▶ **PROBLEM DETAILS**:
Only one stretch of the data should be retyped: the lines from the line containing "5 Light Chandelier" through the line containing "1月4日,新疆伊犁一位大叔用". Keep pictures out of it.
··· DATA
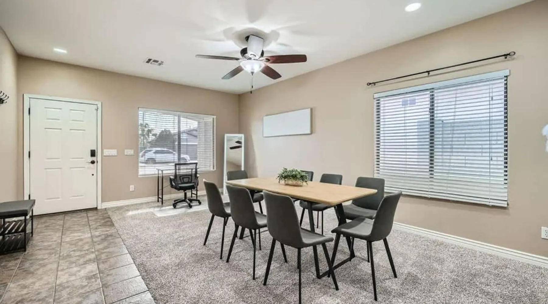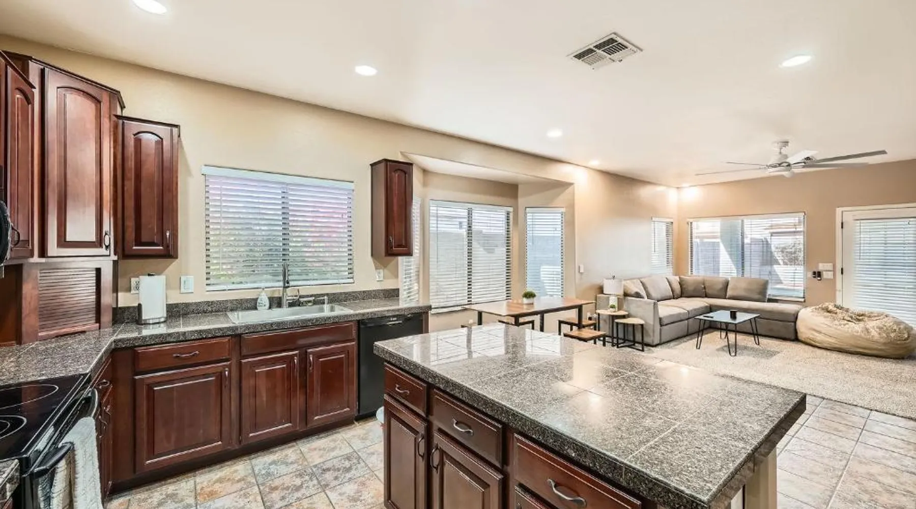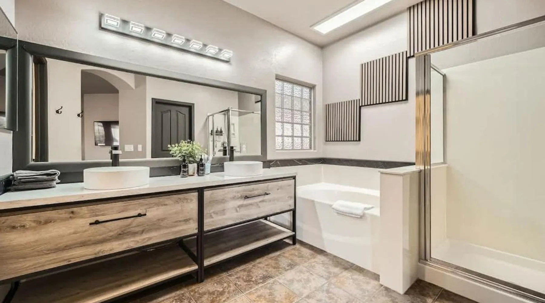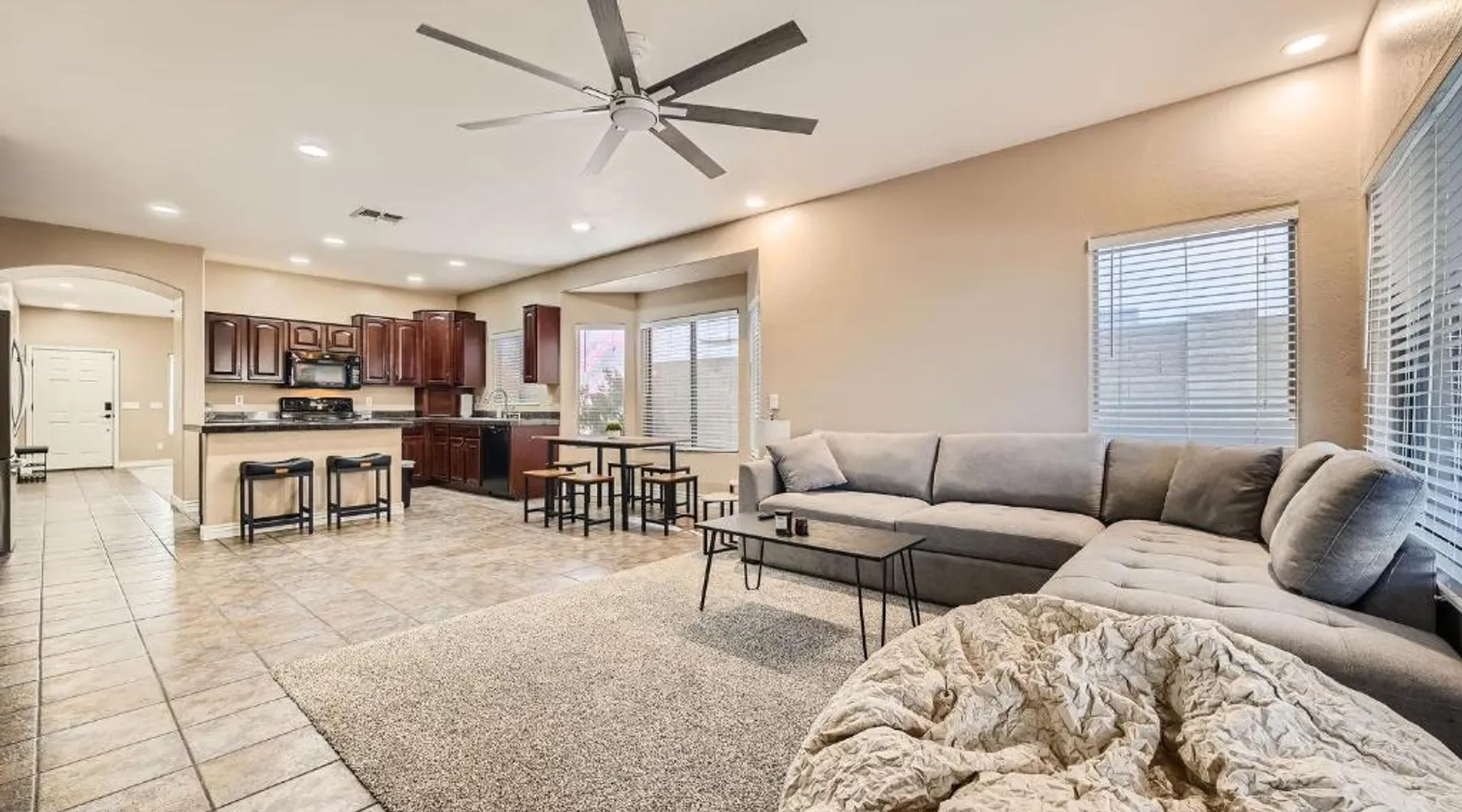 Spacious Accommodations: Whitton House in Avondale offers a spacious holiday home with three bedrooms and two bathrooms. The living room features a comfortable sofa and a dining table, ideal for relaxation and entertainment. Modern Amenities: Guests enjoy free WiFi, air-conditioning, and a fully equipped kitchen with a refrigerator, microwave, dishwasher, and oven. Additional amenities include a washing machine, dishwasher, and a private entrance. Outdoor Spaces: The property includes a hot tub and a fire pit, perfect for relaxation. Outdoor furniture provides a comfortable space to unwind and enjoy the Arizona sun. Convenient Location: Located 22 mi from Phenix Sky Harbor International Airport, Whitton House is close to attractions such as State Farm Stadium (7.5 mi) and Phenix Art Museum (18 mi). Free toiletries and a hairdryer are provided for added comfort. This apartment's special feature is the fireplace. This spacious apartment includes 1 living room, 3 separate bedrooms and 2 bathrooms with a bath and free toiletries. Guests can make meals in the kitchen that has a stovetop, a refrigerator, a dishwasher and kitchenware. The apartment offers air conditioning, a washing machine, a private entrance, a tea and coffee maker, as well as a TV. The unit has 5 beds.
······
··· DATA
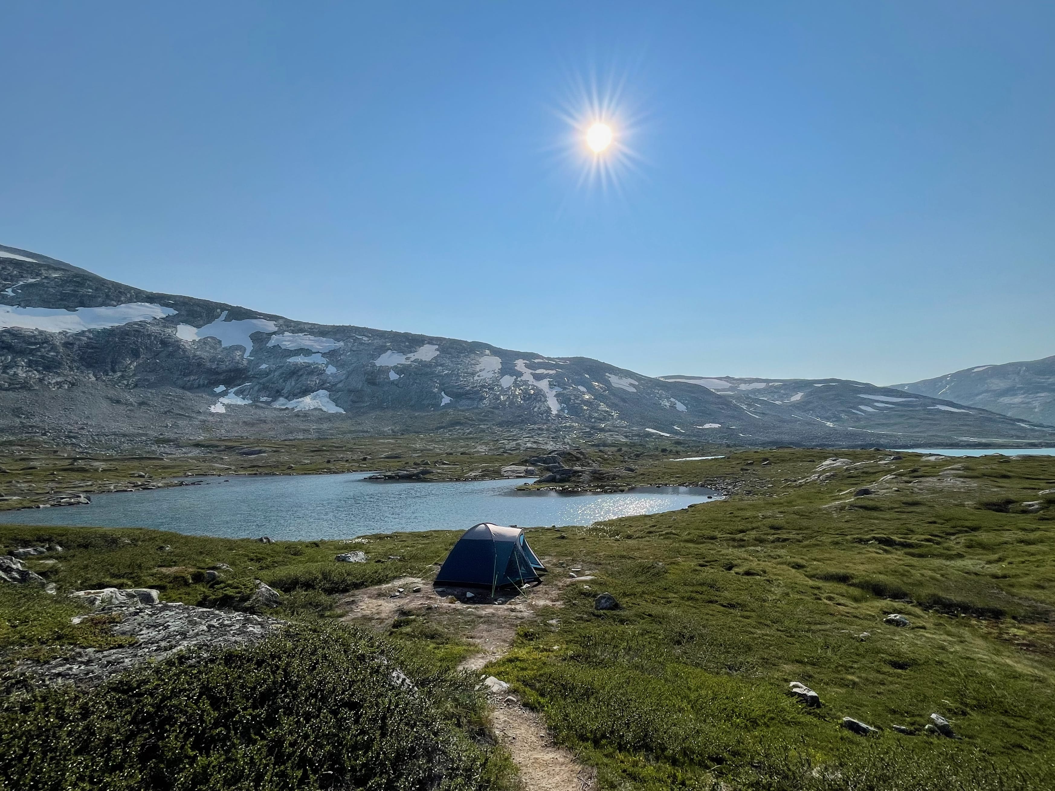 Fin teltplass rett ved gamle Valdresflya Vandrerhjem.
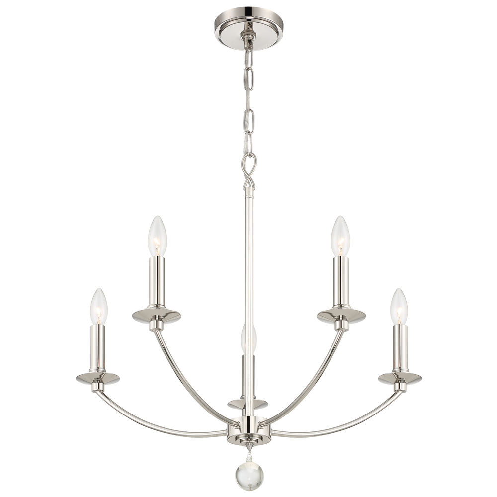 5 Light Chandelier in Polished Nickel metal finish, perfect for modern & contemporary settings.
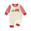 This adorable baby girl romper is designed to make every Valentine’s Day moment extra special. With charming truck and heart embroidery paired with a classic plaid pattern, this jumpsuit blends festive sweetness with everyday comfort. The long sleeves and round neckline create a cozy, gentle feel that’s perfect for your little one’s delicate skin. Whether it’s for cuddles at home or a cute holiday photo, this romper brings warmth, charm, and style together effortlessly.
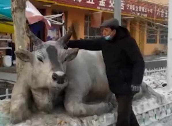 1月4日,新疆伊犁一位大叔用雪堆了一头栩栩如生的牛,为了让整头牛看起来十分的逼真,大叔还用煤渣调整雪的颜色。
······
▶ **FINAL ANSWER**:
 5 Light Chandelier in Polished Nickel metal finish, perfect for modern & contemporary settings.
 This adorable baby girl romper is designed to make every Valentine’s Day moment extra special. With charming truck and heart embroidery paired with a classic plaid pattern, this jumpsuit blends festive sweetness with everyday comfort. The long sleeves and round neckline create a cozy, gentle feel that’s perfect for your little one’s delicate skin. Whether it’s for cuddles at home or a cute holiday photo, this romper brings warmth, charm, and style together effortlessly.
 1月4日,新疆伊犁一位大叔用雪堆了一头栩栩如生的牛,为了让整头牛看起来十分的逼真,大叔还用煤渣调整雪的颜色。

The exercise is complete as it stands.